• Task to carry out:
A full, word-for-word copy of the listing below is needed; leave the images out of it.

• Source material:
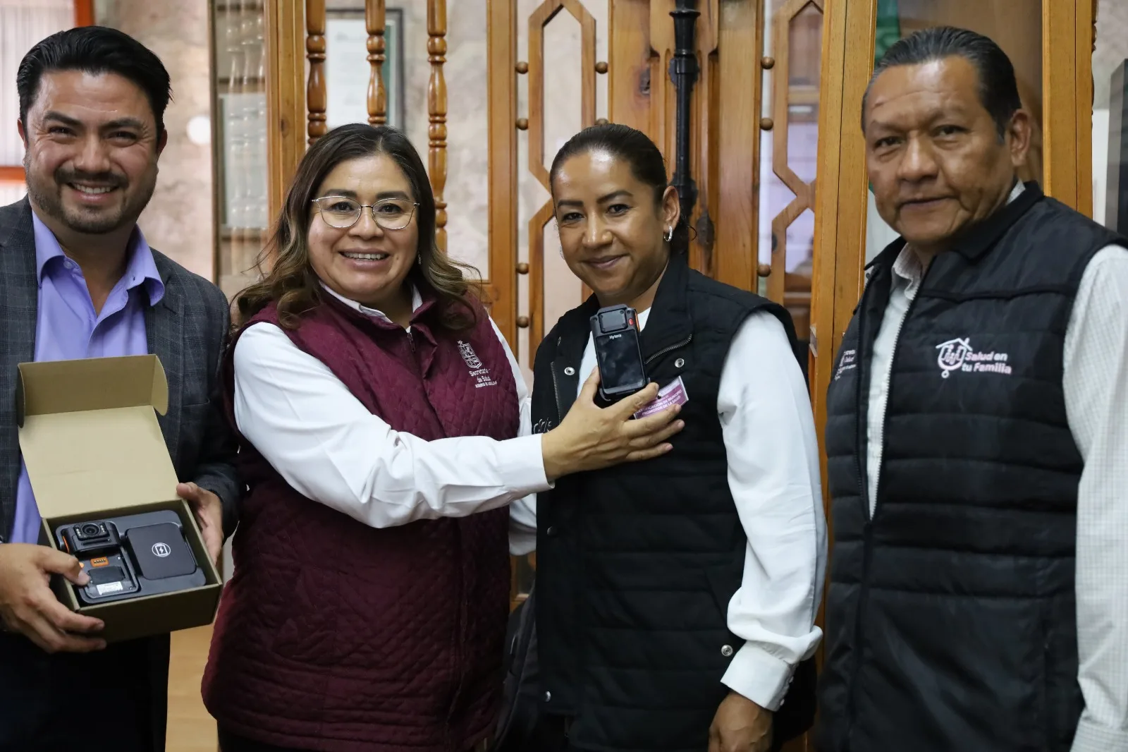 Morelia, Michoacán, 15 de febrero de 2024.- Como parte de las acciones para prevenir e inhibir posibles actos de corrupción, durante la vigilancia sanitaria a los establecimientos médicos y comerciales, fueron entregadas 15 cámaras de solapa a personal de la Comisión Estatal para la Protección contra Riesgos Sanitarios (Coepris).
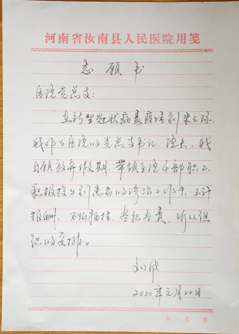 当日,刘院长向党总支递交上志愿书:“我自愿放弃假期,带领全院干部职工积极投身患者的诊治工作中,不计报酬、不怕牺牲、尽职尽责,听从组织安排!”
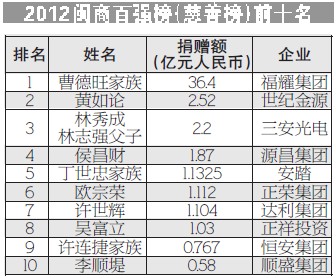 2012年闽商百强榜(慈善榜)前十名
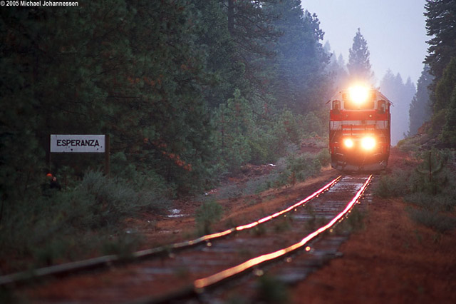 On 11 November 2005 the McCloud Railway ran another significant "last run", this time to Hambone. The last through freight to and from Lookout Junction ran through Hambone on 16 December 2003. The rails through this remote spot remained quiet until 28 November 2004, when a work extra ran out to the ballast pit at Porcupine to get a few last carloads of cinders. A speeder run made it to Hambone in the summer of 2005, and during October a salvage contractor hired by BNSF removed the line beyond the end of McCloud Railway ownership at Hambone, leaving the spot at the end of a long spur up from Bartle. Hambone first came into existence as a McCloud River Lumber Company log camp around 1920. The camp, originally known as Camp 2 and then as Pondosa, consisted of a sizeable community to house loggers and woods-based railroad crews. The lumber company also built a large repair shop. All of this activity ceased after 1927 when the lumber company moved the camp, and the name, south to the current site of Pondosa. This area then became known as Hambone, reportedly after a ham bone nailed to a tree. Activity returned to Hambone in 1928 as the lumber company extended a new line through the site, headed for the newly acquired White Horse tract far to the east. The McCloud River Railroad finally reached Hambone around 1929 when it acquired the trackage from Car A to this spot from the lumber company. At the same time the lumber company sold the line east of Hambone to the Great Northern Railroad. The two railroads chose Hambone as the junction spot, as it was about the only place in the area with enough flat ground to build the necessary interchange yards and servicing facilities. However, the Great Northern decided to hire the McCloud River Railroad to operate their portion of the line, and as a result the planned facilities were never constructed. The railroads did base a section gang at Hambone. Elkins Cedar Mill built a sawmill and a small community to support it at this site. The sawmill and the community functioned from roughly 1936 until 1943, when it was closed and the camp was raised. The railroads bypassed the original site of Hambone in 1956 with a major line relocation. The railroad built a 1,032 foot long passing siding and a section shed on the new alignment. Hambone continued to feel the rumbling passage of the nightly freights bound for Lookout Junction until 1978, when a series of sawmill closures brought traffic levels down. The next 25 years saw operations through Hambone vary from one train every two or three weeks up to 3-4 trains a week, depending on the ebb and flow of traffic patterns. Traffic handled to and from Lookout Junction declined to less than six cars a week after 1998. A haulage agreement ended all rail movements in December 2003. BNSF received permission to abandon the line east of Hambone in early 2004. The McCloud Railway Company received permission to abandon the line from Bartle to Hambone in October 2005. However, some work still had to be done, as the siding at Hambone still held a string of GE Capital-owned boxcars. The McCloud Railway finally decided to get the stored boxcars in November 2005. The railroad needed track materials, and such parts could be removed from the line out to Hambone. However, the boxcars had to be removed first, and on Friday 11 November 2005 a crew made one final trip to Hambone with locomotives #37 and #38 to retrieve those cars. The train moved the cars from Hambone down to a natural sag a little above Car A, where they were left. The McCloud Railway Company received permission to abandon the line between Bartle and Car A in October 2005, but that decision is current stayed pending resolution of some potential Offers for Financial Assistance. There is at least a chance that the mainline to Burney may be saved, but the last remnant of the Lookout Line will serve no real purpose to any future operator. At least one more trip will need to be made up from Bartle to get these cars before the last part of this line can be salvaged. A few railfans knew of the move in advance and were able to tag along. Michael Johannessen was among them, and he captured a number of images of this last train to Hambone. His photographs are presented on this page with his permission. Hambone saw railroading activity for the better part of eight decades. Silence has returned to the forests. |

• Exercise result:
 Morelia, Michoacán, 15 de febrero de 2024.- Como parte de las acciones para prevenir e inhibir posibles actos de corrupción, durante la vigilancia sanitaria a los establecimientos médicos y comerciales, fueron entregadas 15 cámaras de solapa a personal de la Comisión Estatal para la Protección contra Riesgos Sanitarios (Coepris).
 当日,刘院长向党总支递交上志愿书:“我自愿放弃假期,带领全院干部职工积极投身患者的诊治工作中,不计报酬、不怕牺牲、尽职尽责,听从组织安排!”
 2012年闽商百强榜(慈善榜)前十名
 On 11 November 2005 the McCloud Railway ran another significant "last run", this time to Hambone. The last through freight to and from Lookout Junction ran through Hambone on 16 December 2003. The rails through this remote spot remained quiet until 28 November 2004, when a work extra ran out to the ballast pit at Porcupine to get a few last carloads of cinders. A speeder run made it to Hambone in the summer of 2005, and during October a salvage contractor hired by BNSF removed the line beyond the end of McCloud Railway ownership at Hambone, leaving the spot at the end of a long spur up from Bartle. Hambone first came into existence as a McCloud River Lumber Company log camp around 1920. The camp, originally known as Camp 2 and then as Pondosa, consisted of a sizeable community to house loggers and woods-based railroad crews. The lumber company also built a large repair shop. All of this activity ceased after 1927 when the lumber company moved the camp, and the name, south to the current site of Pondosa. This area then became known as Hambone, reportedly after a ham bone nailed to a tree. Activity returned to Hambone in 1928 as the lumber company extended a new line through the site, headed for the newly acquired White Horse tract far to the east. The McCloud River Railroad finally reached Hambone around 1929 when it acquired the trackage from Car A to this spot from the lumber company. At the same time the lumber company sold the line east of Hambone to the Great Northern Railroad. The two railroads chose Hambone as the junction spot, as it was about the only place in the area with enough flat ground to build the necessary interchange yards and servicing facilities. However, the Great Northern decided to hire the McCloud River Railroad to operate their portion of the line, and as a result the planned facilities were never constructed. The railroads did base a section gang at Hambone. Elkins Cedar Mill built a sawmill and a small community to support it at this site. The sawmill and the community functioned from roughly 1936 until 1943, when it was closed and the camp was raised. The railroads bypassed the original site of Hambone in 1956 with a major line relocation. The railroad built a 1,032 foot long passing siding and a section shed on the new alignment. Hambone continued to feel the rumbling passage of the nightly freights bound for Lookout Junction until 1978, when a series of sawmill closures brought traffic levels down. The next 25 years saw operations through Hambone vary from one train every two or three weeks up to 3-4 trains a week, depending on the ebb and flow of traffic patterns. Traffic handled to and from Lookout Junction declined to less than six cars a week after 1998. A haulage agreement ended all rail movements in December 2003. BNSF received permission to abandon the line east of Hambone in early 2004. The McCloud Railway Company received permission to abandon the line from Bartle to Hambone in October 2005. However, some work still had to be done, as the siding at Hambone still held a string of GE Capital-owned boxcars. The McCloud Railway finally decided to get the stored boxcars in November 2005. The railroad needed track materials, and such parts could be removed from the line out to Hambone. However, the boxcars had to be removed first, and on Friday 11 November 2005 a crew made one final trip to Hambone with locomotives #37 and #38 to retrieve those cars. The train moved the cars from Hambone down to a natural sag a little above Car A, where they were left. The McCloud Railway Company received permission to abandon the line between Bartle and Car A in October 2005, but that decision is current stayed pending resolution of some potential Offers for Financial Assistance. There is at least a chance that the mainline to Burney may be saved, but the last remnant of the Lookout Line will serve no real purpose to any future operator. At least one more trip will need to be made up from Bartle to get these cars before the last part of this line can be salvaged. A few railfans knew of the move in advance and were able to tag along. Michael Johannessen was among them, and he captured a number of images of this last train to Hambone. His photographs are presented on this page with his permission. Hambone saw railroading activity for the better part of eight decades. Silence has returned to the forests. |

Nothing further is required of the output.